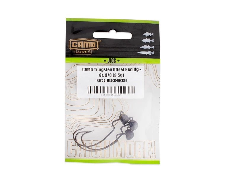 Sienenmuotoinen pää auttaa vieheitä nousemaan pystyyn Ned Rigin kanssa kalastettaessa. Offset Ned Jig on monipuolinen ja toimii hyvin muiden tekniikoiden kanssa. Volframin tiheys on suurempi kuin lyijyn. Siksi jigit osoittautuvat pienemmiksi kuin perinteiset lyijypäät samalla painolla. Volframi on myös ympäristöystävällistä. Kaikille Camo-jigeille on ominaista huolellinen työstö ja laadukkaat, neulakärkiset koukut.
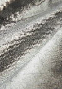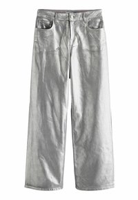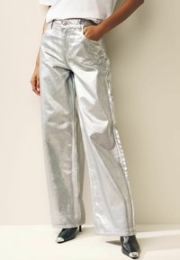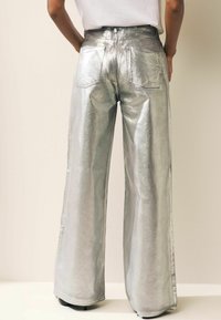 Personne portant un pantalon large argenté brillant avec des poches avant, associé à des bottines noires à talons pointues et un haut blanc.
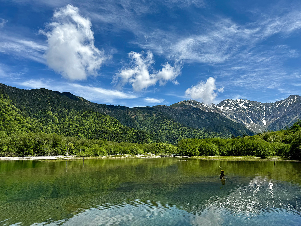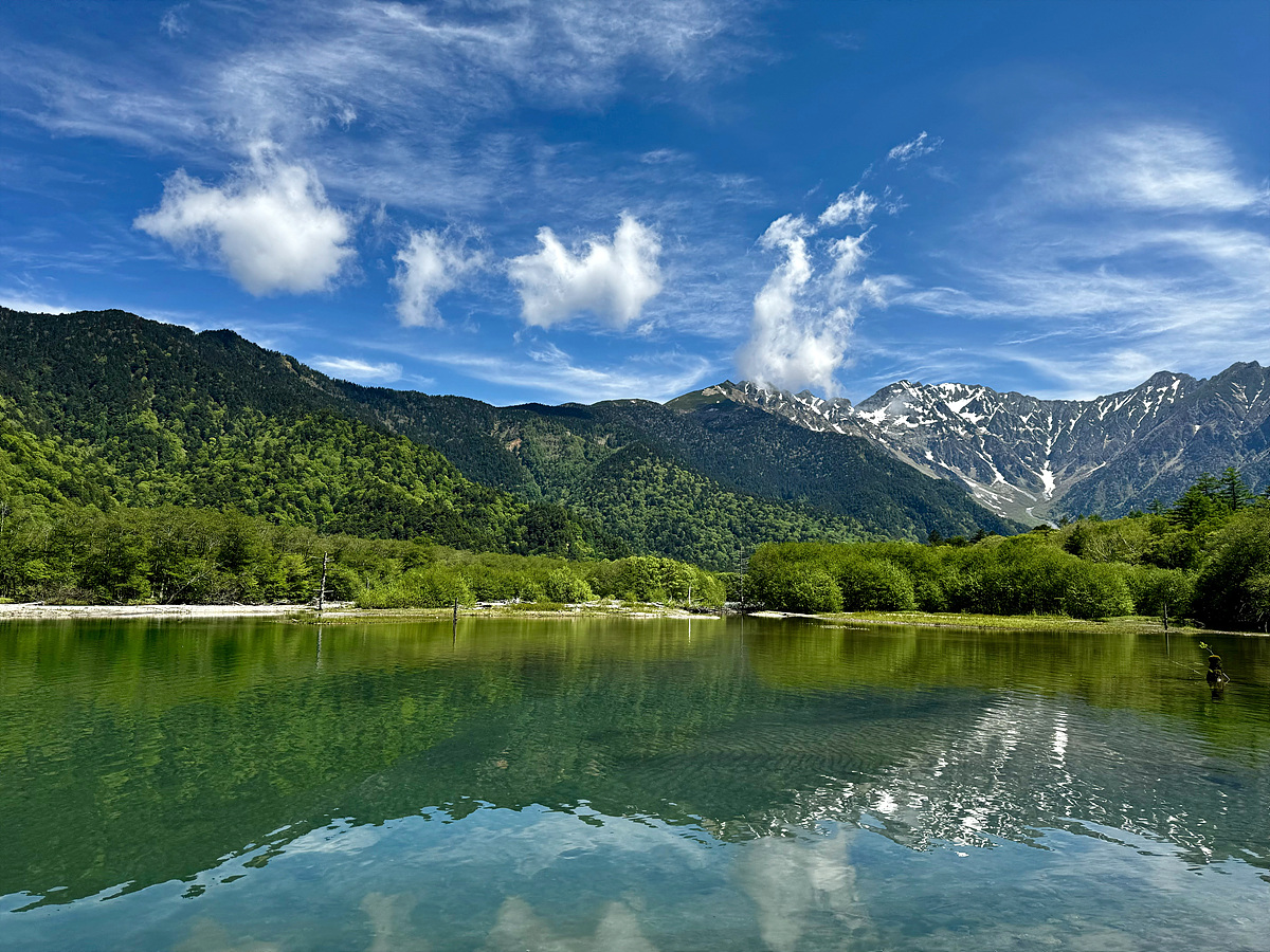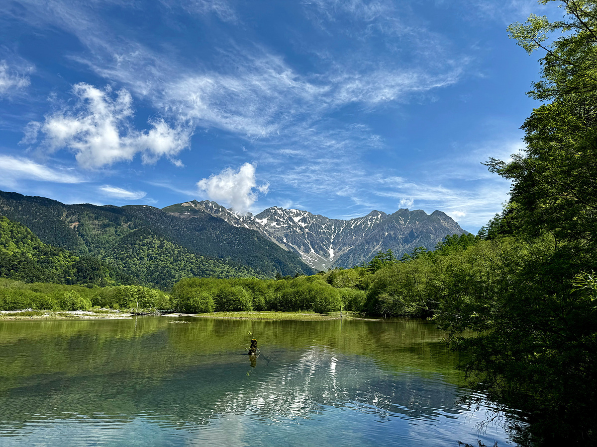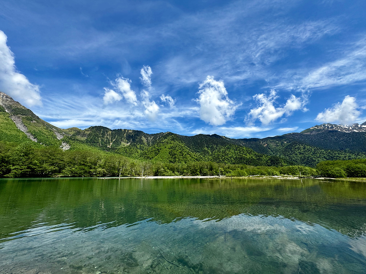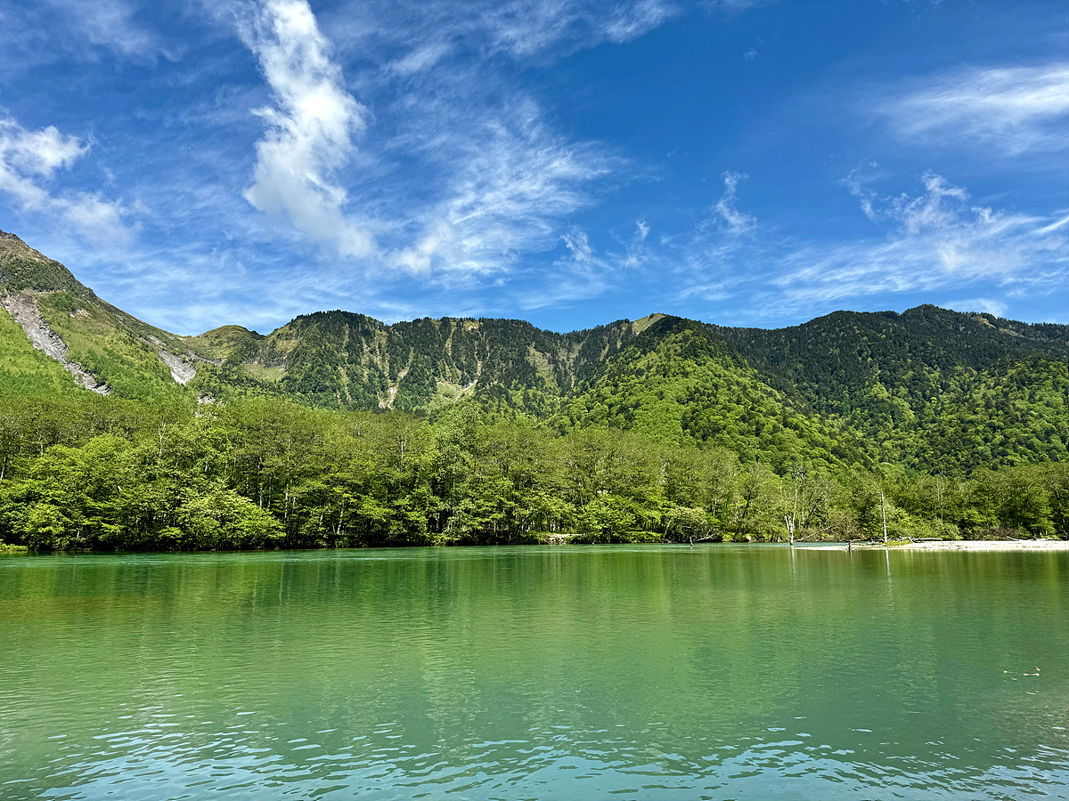 산봉우리에 남은 잔설과 봄의 신록.. 맑디 맑은 호수까지..

________________________________________

__WHAT THIS TASK INVOLVES__.
Omit the pictures and output all of the other material exactly.

__SOLUTION TO THIS TASK__.
 Sienenmuotoinen pää auttaa vieheitä nousemaan pystyyn Ned Rigin kanssa kalastettaessa. Offset Ned Jig on monipuolinen ja toimii hyvin muiden tekniikoiden kanssa. Volframin tiheys on suurempi kuin lyijyn. Siksi jigit osoittautuvat pienemmiksi kuin perinteiset lyijypäät samalla painolla. Volframi on myös ympäristöystävällistä. Kaikille Camo-jigeille on ominaista huolellinen työstö ja laadukkaat, neulakärkiset koukut.
 Personne portant un pantalon large argenté brillant avec des poches avant, associé à des bottines noires à talons pointues et un haut blanc.
 산봉우리에 남은 잔설과 봄의 신록.. 맑디 맑은 호수까지..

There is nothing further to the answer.